Entre los pensadores y artistas que coincidieron en esta época en los cafés vieneses destacan nombres como Stefan Zweig (escritor), Gustav Klimt (pintor modernista) o León Trotski (político). Estos son algunos de los cafés en los que se reunían y que aún continúan abiertos:

  • Café Central: Este café, abierto en el año 1860 y localizado en el distrito número 1, también es conocido como Palacio Ferstel en honor a su arquitecto, el austriaco Heinrich von Ferstel. Era el favorito del poeta vienés Peter Altenberg; de hecho, lo primero que ven hoy los clientes al entrar en el local es una escultura de este escritor. Otro pensador que frecuentó mucho el Café Central durante su exilio en Viena fue León Trotski.
  • Café Landtmann: Se encuentra en las inmediaciones del Burgtheater y fue inaugurado en el año 1873. Se trata de uno de los cafés más famosos, conocido por ser el favorito del padre del psicoanálisis, Sigmund Freud (tanto su casa como su consulta estaban cerca de este café). El Café Landtmann fue frecuentado asimismo por el compositor Gustav Mahler y por el fundador del sionismo político moderno, Theodor Herzl. Se dice que las tertulias políticas celebradas en este café fueron fundamentales para la fundación del estado de Israel. Recientemente han pasado por este local personalidades de la talla de Hillary Clinton o Paul McCartney.
  • Café Museum: Este café, ubicado cerca del mercado Naschmarkt, abrió en el año 1899 y fue decorado por el arquitecto austriaco Adolf Loos (que era un cliente habitual). Para esta decoración, Loos afinó la silla de bistrot ideada por el ebanista alemán Michael Thonet, muy conocido por su mobiliario de madera curvado al vapor. La silla número 14 de Thonet, de hecho, es un símbolo de los cafés vieneses. Además de Loos, también visitaron el Café Museum artistas como Gustav Klimt, el escritor Karl Kraus, el músico Oscar Straus o el arquitecto Otto Wagner.
  • Café Hawelka: Localizado en el distrito 1, este café abrió sus puertas en el año 1939 aunque vivió su mejor época tras finalizar la II Guerra Mundial. En el periodo de posguerra, este café se convirtió en un importante punto de encuentro para diferentes críticos y escritores. Café Hawelka es muy popular por cómo prepara los buchteln, unos brioches rellenos de mermelada típicos de Austria.

¿Has estado en alguno de estos cafés? Si es así, ¿qué te parecieron? 🙂

Los cafés de Viena hoy

Los cafés de Viena no han cambiado demasiado desde su florecimiento, en el siglo XIX. Su decoración mantiene un estilo historicista y, en el interior de estos negocios, no faltan las ya mencionadas sillas Thonet, el suelo de madera, las mesas y columnas de mármol o los bancos tapizados. Otro rasgo característico de estos cafés es su personal uniformado. Aparte, en algunos de ellos se celebran conciertos de piano.

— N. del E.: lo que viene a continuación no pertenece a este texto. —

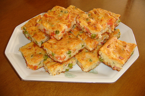 Numa forma retangular untada e enfarinhada,despeje metade da massa,espalhe o recheio e depois espalhe o resto da massa.

Cada grupo social (funcionarios, estudiantes universitarios, políticos…) tiene sus cafés de referencia en Viena, donde celebran sus propias tertulias y se ponen al día leyendo la prensa.

En la capital austriaca, los cafés, entre los que destacan el café solo o Schwarzer o el café cortado o kleiner/großer Brauner (kleiner en taza pequeña y großer en taza grande), se sirven con un vaso de agua. Es bastante frecuente que el cliente los quiera acompañar asimismo con un pedazo de tarta como la tarta de chocolate Sacher.

 

Los coffee lovers que visitan la capital austriaca no pueden abandonarla sin haberse acercado a algunos de estos cafés de Viena, sino a todos. Sin olvidar que en esta ciudad hay cafeterías de la tercera ola que también son una parada obligatoria. En Viena se encuentran algunas de las cafeterías más cool de Europa, donde los cafeteros pueden beber magníficos cafés de especialidad. ¡Qué lugar tan maravilloso para las personas que disfrutamos bebiendo café!